In recent days, Bankman-Fried has appealed to investors for support to shore up the stock market as customers demanded their money back amid fears for their financial health. FTX needs $8 billion to steady the ship, according to people familiar with the matter.

Bankman-Fried also turned to rival crypto exchanges, including OKX and Binance, for a bailout, leading to a short-lived plan by Binance CEO Changpeng Zhao to buy FTX and secure customers' funds.

Zhao left the table after less than 48 hours of careful consideration after realizing the extent of financial problems and possible misconduct at FTX, which made the deal impossible.

“As a result of corporate due diligence, as well as recent news reports of mishandled customer funds and alleged U.S. regulatory investigations, we have decided that we will not pursue the potential acquisition of FTX.com,” Binance said.

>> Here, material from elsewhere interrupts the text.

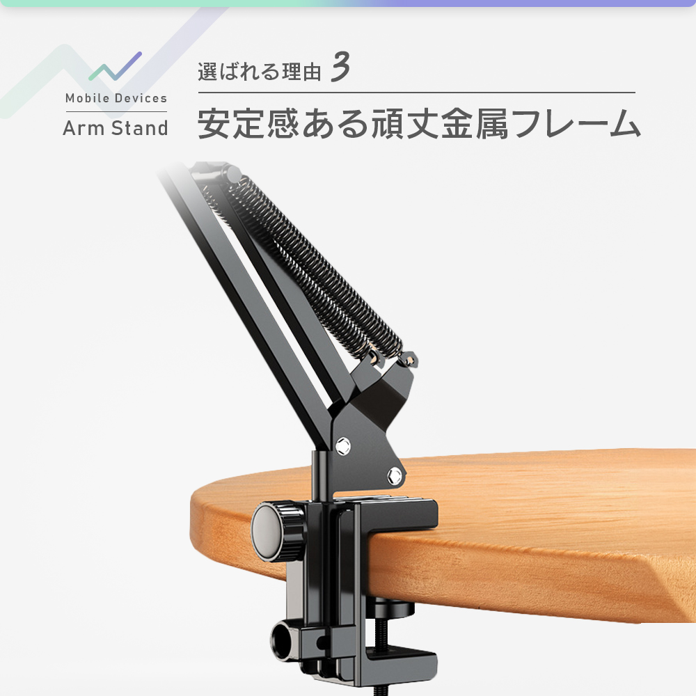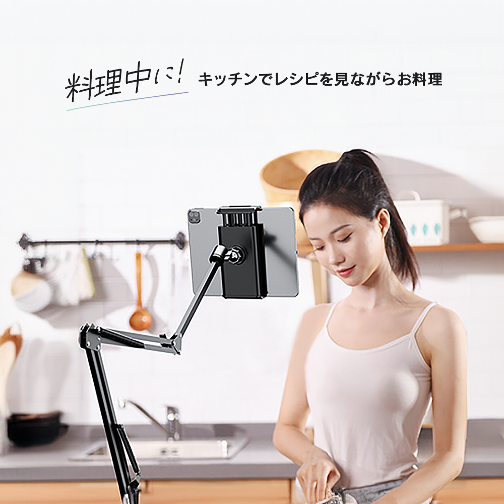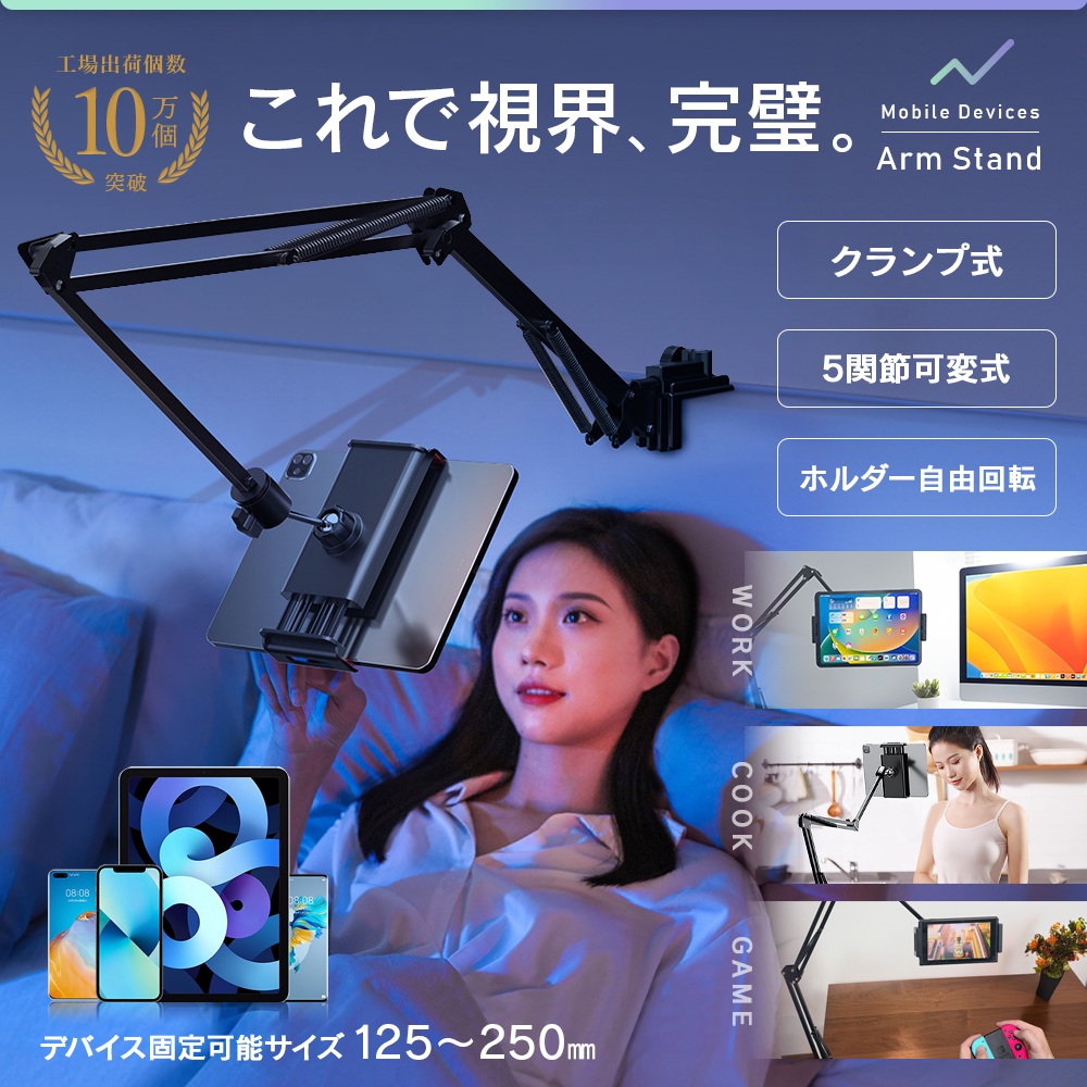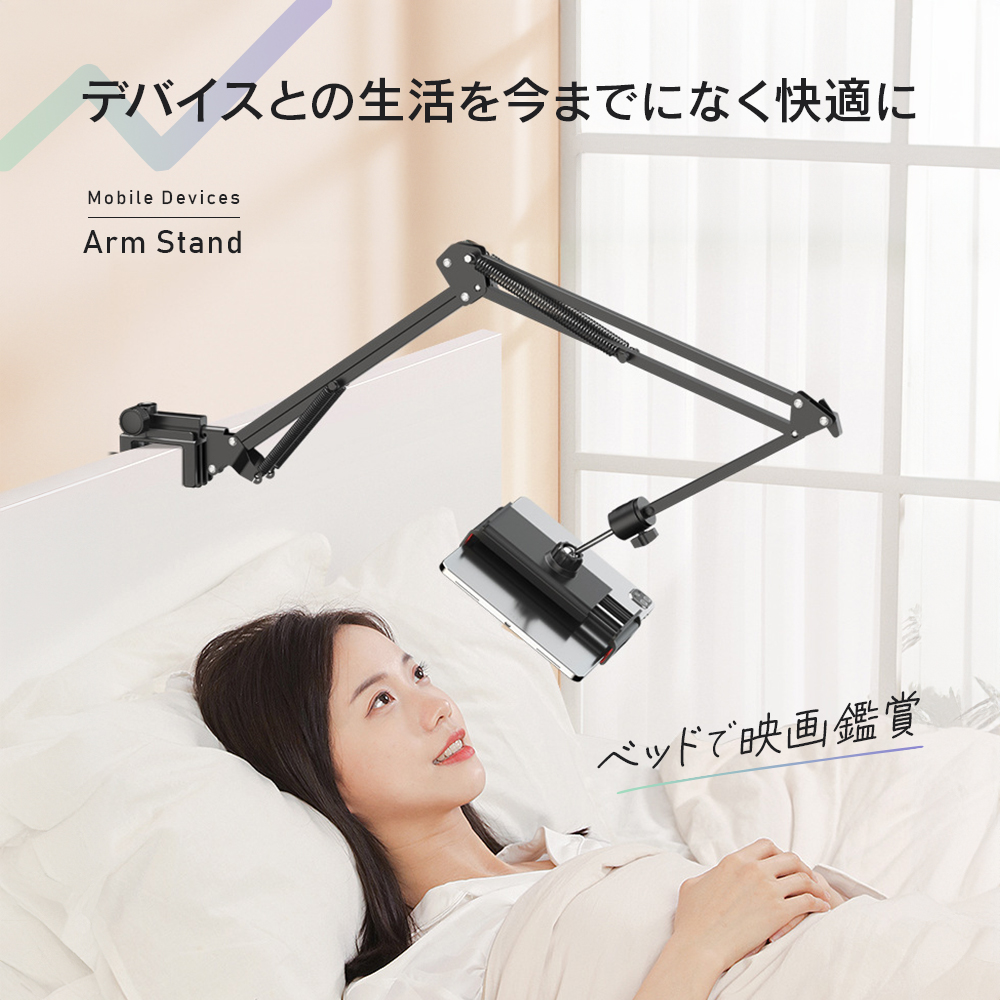 タブレットスタンド スマホスタンド タブレットアーム 携帯スタンド iPadスタンド 寝ながら ベッド用 テーブル用 ラック用 スマホ ホルダー 安定 揺れない iPad、Kindle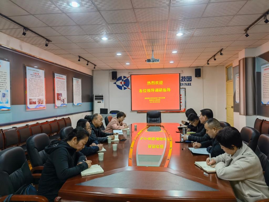 3月24日下午,副校长卢爱刚,科学研究处处长王双喜,副处长王志平、王有景及学科办主任袁梁一行赴大学科技园进行工作调研。

The U.S. Securities and Exchange Commission has expanded an investigation into FTX that includes examining the platform's cryptocurrency lending products and its management of customer funds, according to a person familiar with the matter.

Wall Street regulators launched the investigation months ago, but sought additional information following Tuesday's announcement of Binance's acquisition plans, the person added. The agency is also investigating FTX’s relationship with a US company, FTX US.

Bitcoin, the largest cryptocurrency and a barometer of confidence in the industry, fell as low as $15,700 before stabilizing at $16,600, down 10 percent from Wednesday morning. Investors and traders fear that the collapse of FTX and Alameda will trigger another wave of market panic and losses for those exposed to the companies through lending and trading relationships.

"Given FTX and Alameda Research's size and interconnections with other entities in the crypto ecosystem. . . It looks likely that a new cascade of margin calls, deleveraging, and crypto companies will emerge [and] platform outages will begin similar to last May [and] June following the Terra collapse," analysts at JPMorgan wrote.

Analysts at Moody’s said the impact of the crypto sector turmoil on traditional finance would likely be limited.

Fadi Massih, vice president of Moody's Investors Service, said: "The lack of regulatory oversight and the sector's general opacity facilitate risky financial strategies and expose companies to an environment where rumors of illiquidity can become self-fulfilling prophecies."